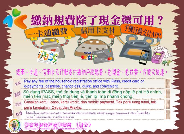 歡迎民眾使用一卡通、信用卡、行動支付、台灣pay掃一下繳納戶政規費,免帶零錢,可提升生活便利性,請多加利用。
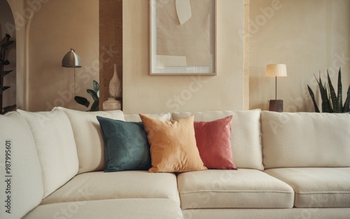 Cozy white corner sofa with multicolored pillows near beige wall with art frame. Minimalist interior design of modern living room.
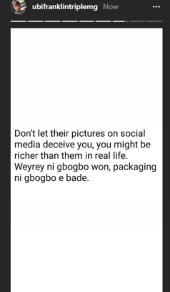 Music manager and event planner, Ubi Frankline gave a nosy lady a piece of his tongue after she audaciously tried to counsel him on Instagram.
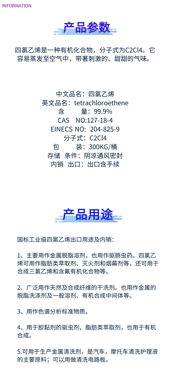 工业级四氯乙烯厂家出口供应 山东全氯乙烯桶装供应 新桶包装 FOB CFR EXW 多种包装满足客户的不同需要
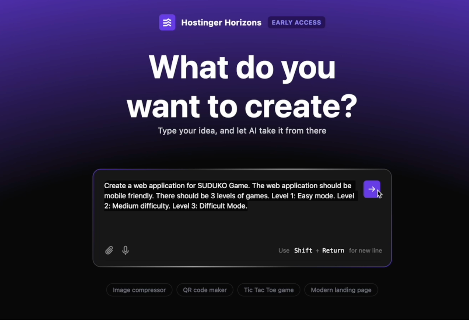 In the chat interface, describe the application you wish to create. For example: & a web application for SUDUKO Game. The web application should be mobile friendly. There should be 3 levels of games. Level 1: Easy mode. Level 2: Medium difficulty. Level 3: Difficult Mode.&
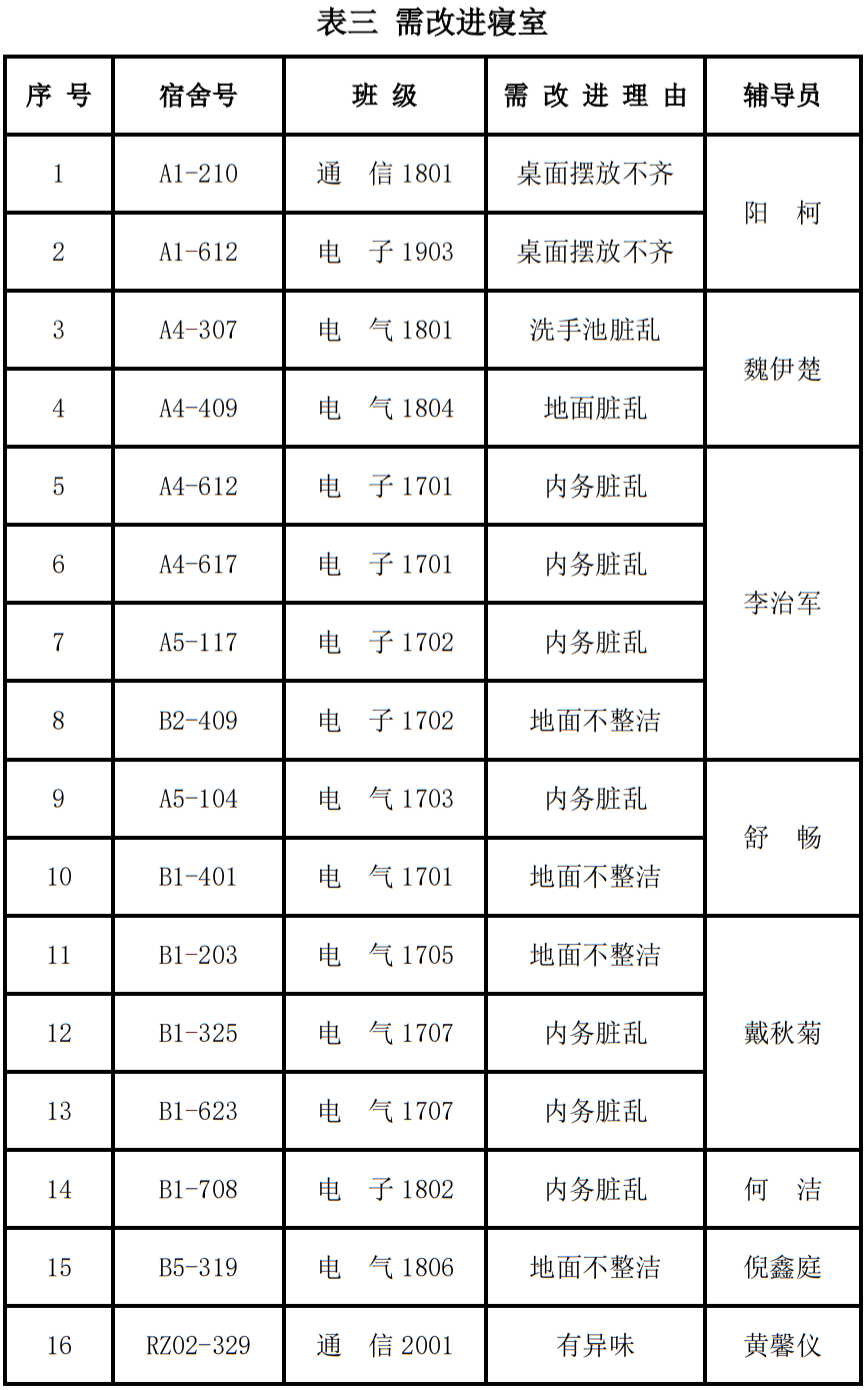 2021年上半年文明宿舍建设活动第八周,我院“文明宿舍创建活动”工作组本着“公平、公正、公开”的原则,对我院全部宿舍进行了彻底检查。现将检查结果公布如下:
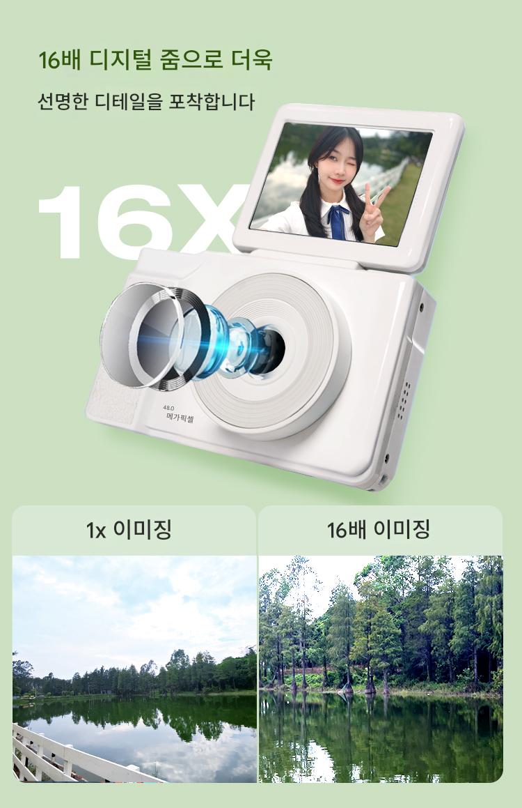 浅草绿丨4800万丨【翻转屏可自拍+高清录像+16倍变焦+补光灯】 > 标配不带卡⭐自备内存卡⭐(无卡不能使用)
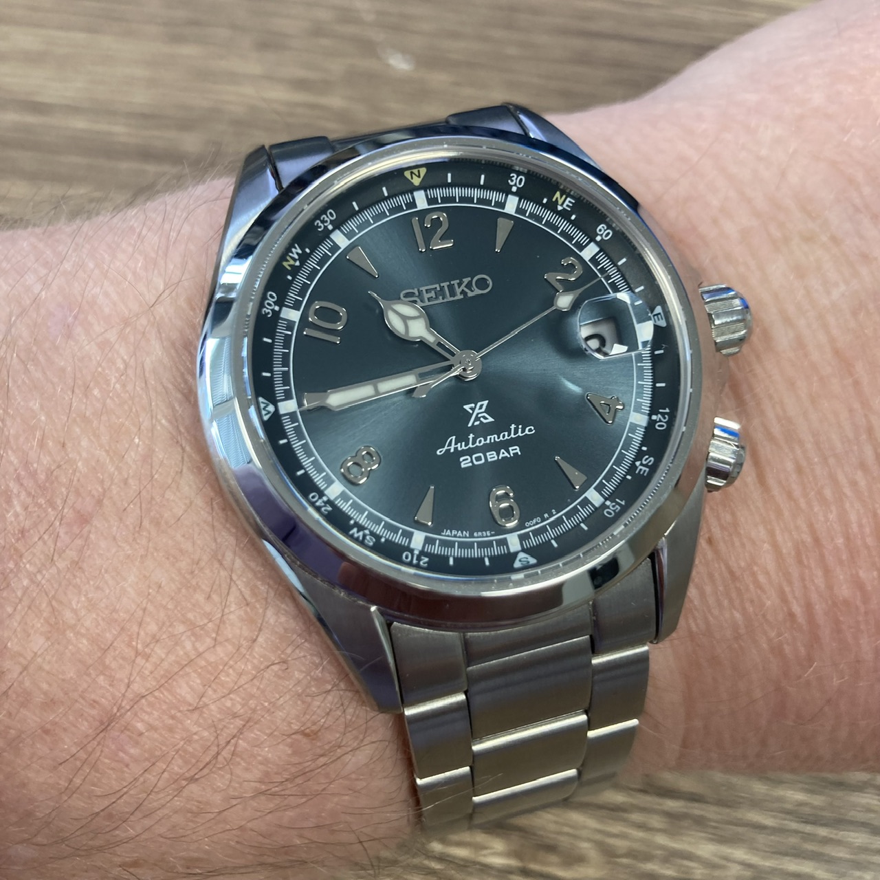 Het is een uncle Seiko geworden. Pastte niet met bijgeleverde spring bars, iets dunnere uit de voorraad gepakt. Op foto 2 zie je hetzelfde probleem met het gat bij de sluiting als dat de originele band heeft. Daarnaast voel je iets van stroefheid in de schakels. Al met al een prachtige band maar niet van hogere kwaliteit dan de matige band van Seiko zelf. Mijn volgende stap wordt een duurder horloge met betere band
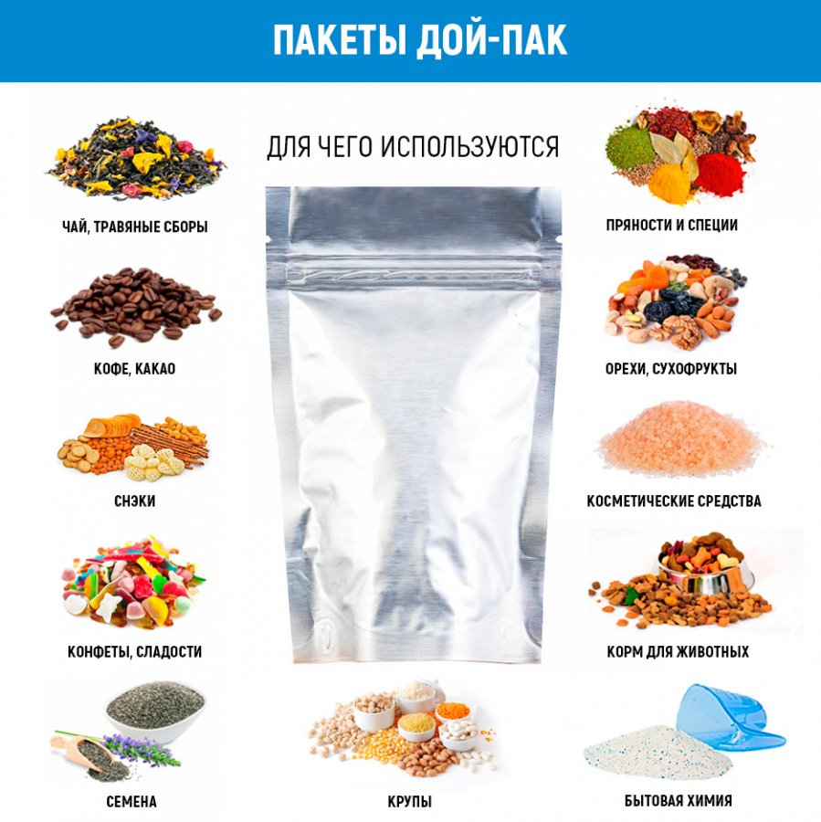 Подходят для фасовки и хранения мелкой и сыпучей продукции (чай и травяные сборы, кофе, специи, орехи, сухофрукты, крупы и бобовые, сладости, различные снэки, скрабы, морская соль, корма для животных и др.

_____

◆ Task instructions:
Without changing a word, retype the data above and omit its pictures.

◆ Output:
 歡迎民眾使用一卡通、信用卡、行動支付、台灣pay掃一下繳納戶政規費,免帶零錢,可提升生活便利性,請多加利用。
 Cozy white corner sofa with multicolored pillows near beige wall with art frame. Minimalist interior design of modern living room.
 Music manager and event planner, Ubi Frankline gave a nosy lady a piece of his tongue after she audaciously tried to counsel him on Instagram.
 工业级四氯乙烯厂家出口供应 山东全氯乙烯桶装供应 新桶包装 FOB CFR EXW 多种包装满足客户的不同需要
 In the chat interface, describe the application you wish to create. For example: & a web application for SUDUKO Game. The web application should be mobile friendly. There should be 3 levels of games. Level 1: Easy mode. Level 2: Medium difficulty. Level 3: Difficult Mode.&
 2021年上半年文明宿舍建设活动第八周,我院“文明宿舍创建活动”工作组本着“公平、公正、公开”的原则,对我院全部宿舍进行了彻底检查。现将检查结果公布如下:
 浅草绿丨4800万丨【翻转屏可自拍+高清录像+16倍变焦+补光灯】 > 标配不带卡⭐自备内存卡⭐(无卡不能使用)
 Het is een uncle Seiko geworden. Pastte niet met bijgeleverde spring bars, iets dunnere uit de voorraad gepakt. Op foto 2 zie je hetzelfde probleem met het gat bij de sluiting als dat de originele band heeft. Daarnaast voel je iets van stroefheid in de schakels. Al met al een prachtige band maar niet van hogere kwaliteit dan de matige band van Seiko zelf. Mijn volgende stap wordt een duurder horloge met betere band
 Подходят для фасовки и хранения мелкой и сыпучей продукции (чай и травяные сборы, кофе, специи, орехи, сухофрукты, крупы и бобовые, сладости, различные снэки, скрабы, морская соль, корма для животных и др.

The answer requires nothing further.